Design and evaluation of controller-based raycasting methods for secure and efficient text entry in virtual reality

Overview

This work focuses on improving text input security in virtual reality (VR) environments, where inconspicuous motion and location sensors can expose user inputs during typing. To address this challenge, we designed five innovative keyboard layouts for paragraph and password input that enhance input privacy while maintaining high usability and typing performance.

This project has been published in two research papers:

Analysis and Design of Efficient Authentication Techniques for Password Entry with the Qwerty Keyboard for VR Environments
Design and Evaluation of Controller-based Raycasting Methods for Secure and Efficient Text Entry in Virtual Reality

My Contribution: I was responsible for all technical implementations and part of the idea generation.

Layout Design

We have designed five innovative keyboard layouts (two for paragraph and three for password) that aim to counter shoulder-surfing attacks while maintaining high typing performance. Each layout introduces strategic variations to ensure security without compromising user efficiency, as shown in figure:

For paragraph protection:

(A) Introducing Variability in Start Point of the Ray (SPR)
The starting point of the ray is randomly shifted forward or backward after each confirmation of a selection. While the starting position changes, the ray’s direction remains constant, ensuring the pointing position on the virtual keyboard is unaffected.
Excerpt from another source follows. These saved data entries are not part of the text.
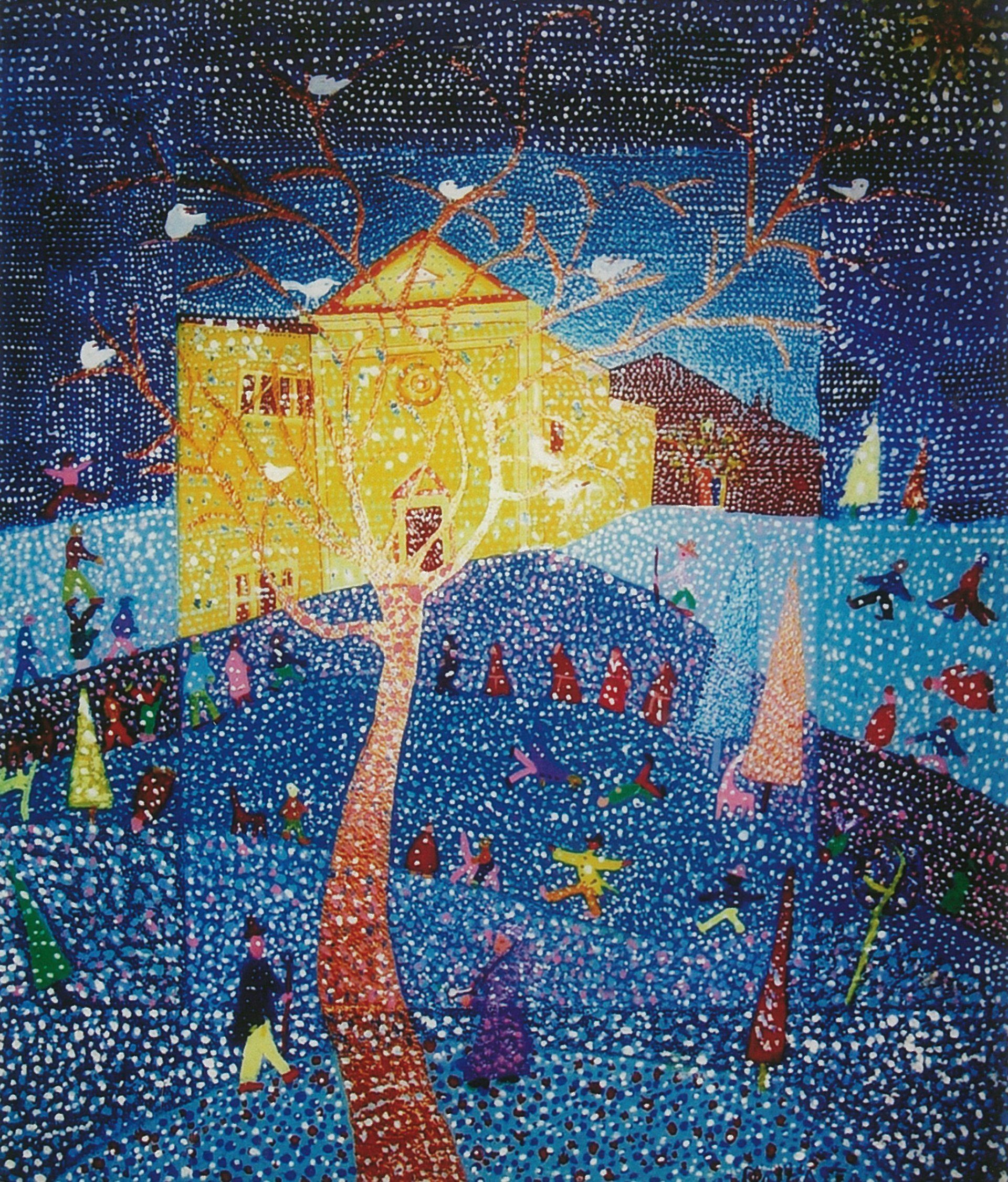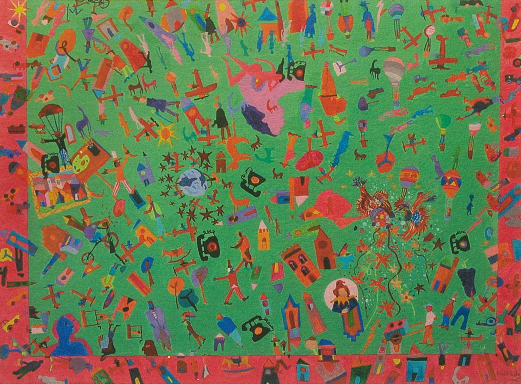 Teatrini populistici di trasognata cronaca, dove il copione talvolta si ripete producendo però una percezione sempre diversa, affidata a ingenue soluzioni formali, a piatte campiture coloristiche che ripercorrono paradisi infantili.
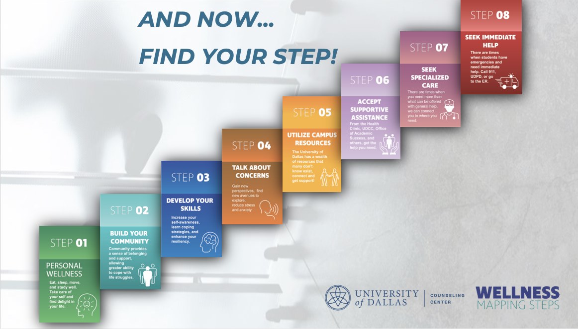 If you have any needs or questions, please get in touch with us at counseling@udallas.edu.
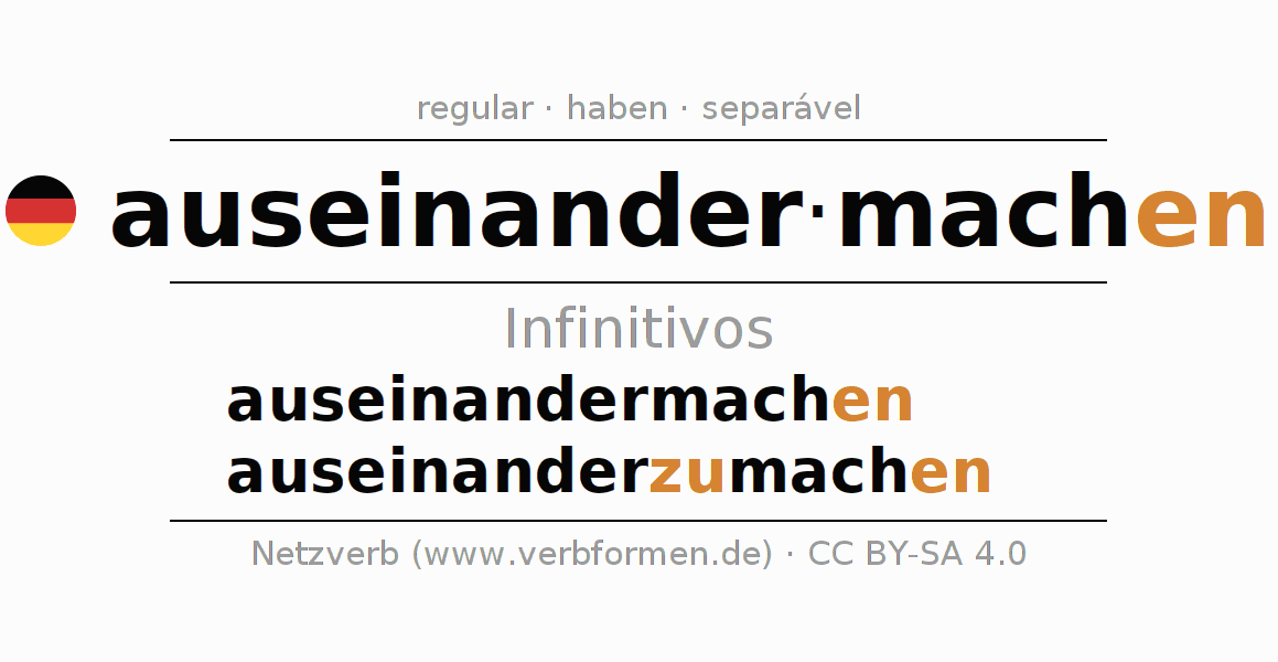 As formas do infinitivo do verbo auseinandermachen (desmontar, dispersar) são: auseinandermachen, auseinanderzumachen

(B) Introducing Variability in Direction of the Ray (DR)
The direction of the ray is adjusted randomly after each confirmation of selection, ensuring variations in the angles and introducing unpredictability into the selection process.

Since it’s for long text entry, to balance security and performance, two optimizations are proposed:

Random Interval Frequency: Instead of altering the ray after every keystroke, changes are made within a random range of 4 to 12 keystrokes, improving typing performance while maintaining privacy.
Combining SPR and DR: By combining intermittent changes in the ray’s starting position (SPR) and direction (DR), variability is introduced both spatially and directionally. This approach increases unpredictability and enhances security.

These optimizations strike a balance between security (input privacy) and typing performance.

For password protection:

(C) Altering Entire Keyboard Position (KeybPos) The keyboard’s position is randomly shifted (up, down, left, or right) after each key selection. This strategy disrupts the selection-making tool’s displacement while maintaining the integrity of the QWERTY layout, ensuring user familiarity.

(D) Altering Key Spacing (KeySpace) The spacing between keys is adjusted after each key selection, introducing variations in the required displacement to select a key. This method reduces eye strain, maintains familiarity with key size, and helps users develop strong spatial awareness of key positions.

(E) Altering Cursor Position (CurPos) Instead of shifting the entire keyboard, this strategy moves the cursor’s position on the keyboard after each key selection. The movement corresponds to a shift of the keyboard selection tool, preserving consistent visual positioning and reducing disorientation.

Effectiveness Validation

In order to evaluate the protecting performance of four password protection strategies, we implemented a password prediction method. By comparing the prediction accuracy of the standard keyboard with that of the other four strategies, we aimed to determine the relative robustness of each approach. The detailed implementation of this method, including the data analysis and reconstruction processes, is shown below:

1. 3D Cursor Position Estimation

3D Cursor Position Estimation depends on both the position of the controller (i.e., $(x, y, z)$ coordinates) and the orientation of the controller (attitude angles, including pitch, roll, and yaw). Using mathematical methods, we can compute the controller’s direction in space and determine the exact position of the cursor on the virtual keyboard:

The ray direction is determined by the $(C_z)$ axis of the controller, which is influenced by the pitch angle (Pitch, denoted as $\alpha$) and roll angle (Roll, denoted as $\beta$). The yaw angle (Yaw) has no impact on the laser direction.

We assume that the initial state of the controller is unrotated. In this state, the controller’s direction aligns with the $(G_z)$-axis of the global coordinate system. To calculate the direction of the controller in 3D space after rotation, we use a rotation matrix. The complete rotation matrix $(R)$ is expressed as follows:

\[R =s \begin{bmatrix} \cos(\alpha) & 0 & \sin(\alpha) \\ 0 & 1 & 0 \\ -\sin(\alpha) & 0 & \cos(\alpha) \end{bmatrix} \cdot \begin{bmatrix} 1 & 0 & 0 \\ 0 & \cos(\beta) & -\sin(\beta) \\ 0 & \sin(\beta) & \cos(\beta) \end{bmatrix}\]

Assume the initial position of the controller is $([x, y, z]^T)$. The position of the cursor on the virtual keyboard is essentially the endpoint of a line segment (the perpendicular distance from the controller to the keyboard) rotated in space around the point $([x, y, z]^T)$.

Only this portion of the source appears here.